By way of the said amendment, parties in international commercial arbitrations with their seat outside India, are now permitted to seek interim reliefs from domestic courts in India, as well as the right of appeal from certain orders by Indian courts pertaining to international commercial arbitration.10 However, such application of Part I of the Act, has not been afforded to foreign seated arbitrations by Indian parties.

The complete bar on application of Part I of the Act, especially the ban on applications seeking interim measures, causes serious impediments to domestic parties who intend to choose a foreign seat of arbitration. The dichotomy in application is in fact an indirect mechanism that hinders party autonomy when one form of arbitration is not recognized either by the Act or by Courts and is treated at a different pedestal.

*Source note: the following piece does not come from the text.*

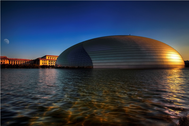 Национальный центр исполнительских искусств находится в Пекине, в непосредственной близости (чуть западнее) от площади Тяньаньмэнь (главная площадь Пекина и самая большая в мире) и Дома народных собраний (китайский парламент) и неподалёку от Запретного города (исторический дворцовый комплекс). Построен по проекту французского архитектора Поля Андрё и задумывался похожим на плавающее в воде яйцо или на каплю воды, этот футуристический дизайн вызвал в своё время много споров о его строительстве в историческом центре Пекина. Действительно, легкоузнаваемый, знаковый облик Национального центра исполнительских искусств представляет резкий контраст с его окрестностями, что делает его очень привлекательным.

Being Indian parties, the requirement of having to secure interim benefits in a foreign jurisdiction is inconvenient to the parties choosing such an arbitration mechanism. Unlike, international commercial arbitrations, where the choice of seat is intended to ensure impartiality of the domestic jurisdiction of both/ either of the parties, foreign seated arbitrations are resorted to ensure speedy disposal of arbitration and post arbitration procedures and help in reducing the burden upon national courts. They are never intended to oppose domestic jurisdictions for any other reason.

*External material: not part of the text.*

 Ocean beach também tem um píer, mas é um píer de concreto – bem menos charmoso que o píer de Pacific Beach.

However, the inability of foreign seated arbitrations by domestic parties to be treated on the same pedestal as international commercial arbitrations, in fact severely affects domestic parties to resort to such form of arbitration. Therefore, foreign seated arbitrations by two parties from India are being affected indirectly by existing legislation.

V. Conclusion

It is apparent that current legal scenario causes an impediment to the choice of foreign seated arbitrations by local parties as a means of dispute resolution. While the decision of the Gujarat High Court in GE Power,11 is a step in the right direction, there is a need for legislative change to finally settle the issues pertaining to foreign seated arbitrations by domestic parties as well as the application of Part I of the Act to such arbitration proceedings.

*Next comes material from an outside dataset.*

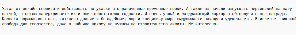 Долго думал почему я до сих пор играю в эту игру и пришел к выводу что я просто убиваю время в игре занимаясь какой то рутиной, при том что мне это не приносит какого либо удовольствие, играю почти с релиза и не могу понять почему играю.

While no express bar has been placed upon foreign seated arbitrations to Indian parties, there seems to be an indirect attempt to ensure that Indian parties do not choose foreign seats, as doing so would seriously jeopardize their ability to get the most convenient and expedited relief from Indian courts for interim reliefs.

Further, the non-recognition of emergency arbitral awards and the difficulty in enforcing interim reliefs ordered in foreign jurisdictions causes severe impediments for such options to be preferred by domestic parties. Therefore, Indian parties who wish to choose such measures are often deterred by the existing drawbacks in its recognition and framework within the country.

The authors believes that the best way to resolve such issues is in fact, by way of legislative amendment, to end the debate in this regard once and for all. 

Footnotes

1. GE Power Conversion India Private Limited v. PASL Wind Solutions Private Limited, 2020 SCC Online Guj 2432.

2. Section 2(2) of the Act.

3. Atlas Exports Industries v. Kotak & Company, (1999) 7 SCC 61.

4. GE Power Conversion India Private Limited v. PASL Wind Solutions Private Limited, 2020 SCC Online Guj 2432

5. Sason Power v. North American Coal Corporation, 2016 (2) Arb LR 179 (MP)

6. Dholi Spintex Pvt. Ltd. v. Louis Dreyfus Company India Pvt. Ltd., 2020 SCC OnLine Del 1476

7. Reliance Industries Limited & Anr. v. Union of India, (2014) 7 SCC 603.

8. Sah Petroleums Ltd vs Sah Petroleums Ltd., 2012 SCC OnLine Bom 910, M/s Addhar Mercantile Private Limited (Applicant) v Shree Jagdamba Agrico Exports Pvt Ltd, 2015 SCC OnLine Bom 7752

9. Section 2(2) of the Act.

10. Ibid.

11. GE Power Conversion India Private Limited v. PASL Wind Solutions Private Limited, 2020 SCC Online Guj 2432.